Industries scattered around the area contribute to ongoing pollution of the river in small, medium and large scales. The Central Environmental Authority (CEA) has identified land-based sources such as treated and untreated industrial effluents, agricultural runoff, domestic and municipal effluents as being the biggest contributors.
What is a pragmatic and viable way to fight pollution without hurting these businesses?
“Industries are supposed to adopt certain levels of precaution in their operations especially when they discharge,” said Dr. Mallawatantri.
Weerathunghe agrees. “Industries should be there, the preliminary solution is to come up with good solid waste and wastewater management practices, and being compliant to regulations imposed by relevant authorities,” she said.
Pollution is high, but, thankfully, it’s not so bad that it’s out of control. Not yet, anyway.
According to KRMP Project Leader Dr. Ananda Mallawatantri who was instrumental in researching and compiling the above report, the pollution, while very much cause for concern, is at a manageable level. If contained, any disastrous effects can be mitigated in about five years’ time, he told Roar.
“The river is close to our hearts. We have a critical need to save the Kelani river.

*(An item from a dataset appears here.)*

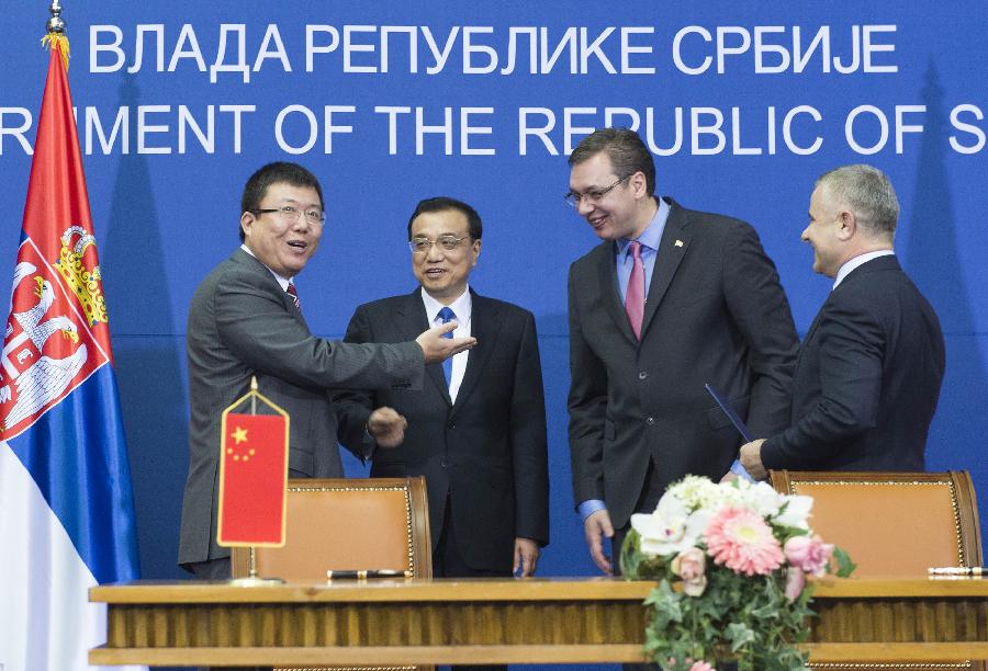 | Chinese Premier Li Keqiang (2nd L) and Serbian Prime Minister Aleksandar Vucic (2nd R) attend a signing ceremony after their talks in Belgrade, Serbia, Dec. 17, 2014. (Xinhua/Huang Jingwen) |

We use it, abuse it, so we have an obligation and a responsibility to work towards making sure that this river stays in that pristine quality for our future generations,” he said.
There Is Hope Yet
A sense of urgency is indicated in the proposed plan based on the fact that if the Kelani River is polluted beyond recovery it affects the entire country in multiple ways beyond the supply of water and has the potential to create a health disaster and rampant unemployment. But the trick is to save the river without drastically affecting people’s livelihoods.

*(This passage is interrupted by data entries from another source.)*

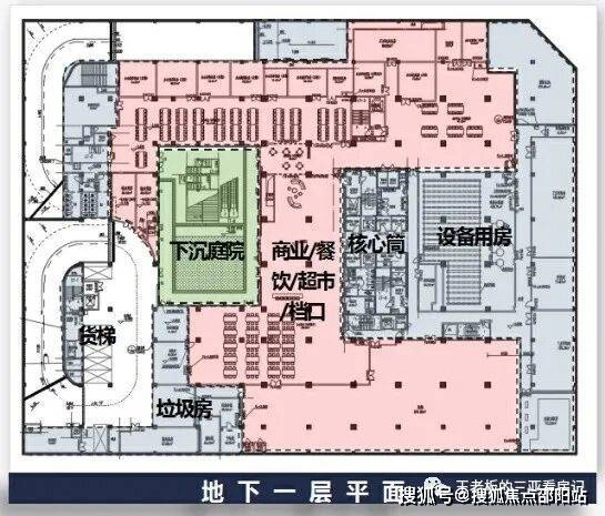 【项目地下一层】独特的下沉式庭院,商业配套/轻重餐饮、超市、美食档口多业态组合大布局开间。
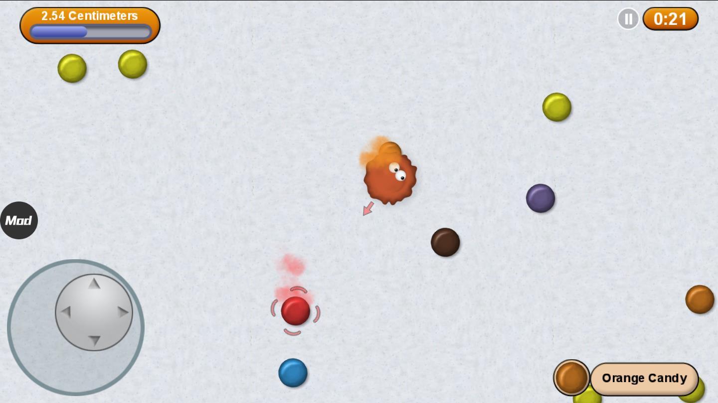 非常简洁的游戏画风,指尖滑动,即可控制小球进行移动,进行比他小的东西的吞噬,以吞噬的方式不断进行长大,从而吞噬更多的东西。
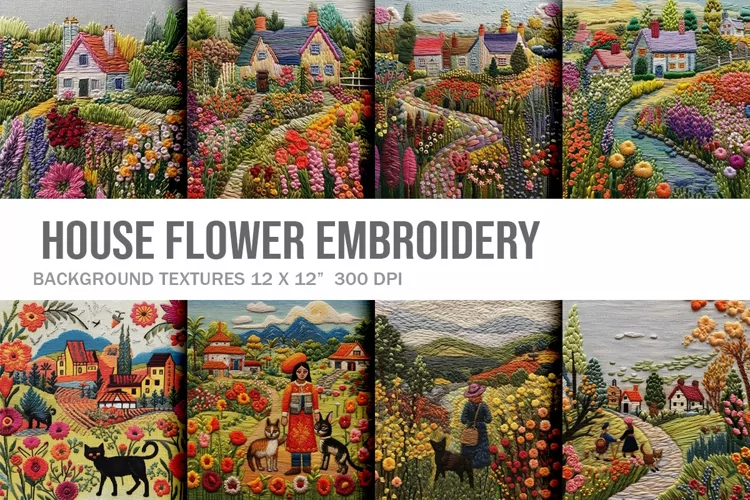 3D House Flower Embroidery Flower View Craft Art Background_ example image 1

“It’s about balancing the economy and the water quality, while having long-term sustainability in the river basin. You can use resources, of course, but there has to be a limit. How do you keep that limit within sustainable levels? It needs good governance, very careful use of natural resources and also we must select the right type of industries to be in the basin,” said Dr. Mallawatantri.
“There are 10,000 industries providing employment and most of them are impacting the environment. But you can’t take people out of jobs. You can probably provide better jobs through an alternative mechanism,” he added.
Weerathunghe shares Dr. Mallawathantri’s optimism.
If rigorous enforcement is brought into place, river water quality can be restored. However, she said, there is a problem with the water quantity and flash floods. That cannot be sorted within five years since the catchment restoration is to be taken place and it would take much more time.
“In five years, water quality can be restored if you have a proper programme. But quantity depletion and flash flooding cannot be resolved in short term since it’s a result of land use change in watershed areas,” she told Roar.
While pollution levels remain manageable at the moment, it does not mean we can afford to be complacent. Protective and preventative measures to ensure the safety of the water must be taken in earnest. Or, as Dr. Mallawathanthri predicts, there may not be a river left for future generations.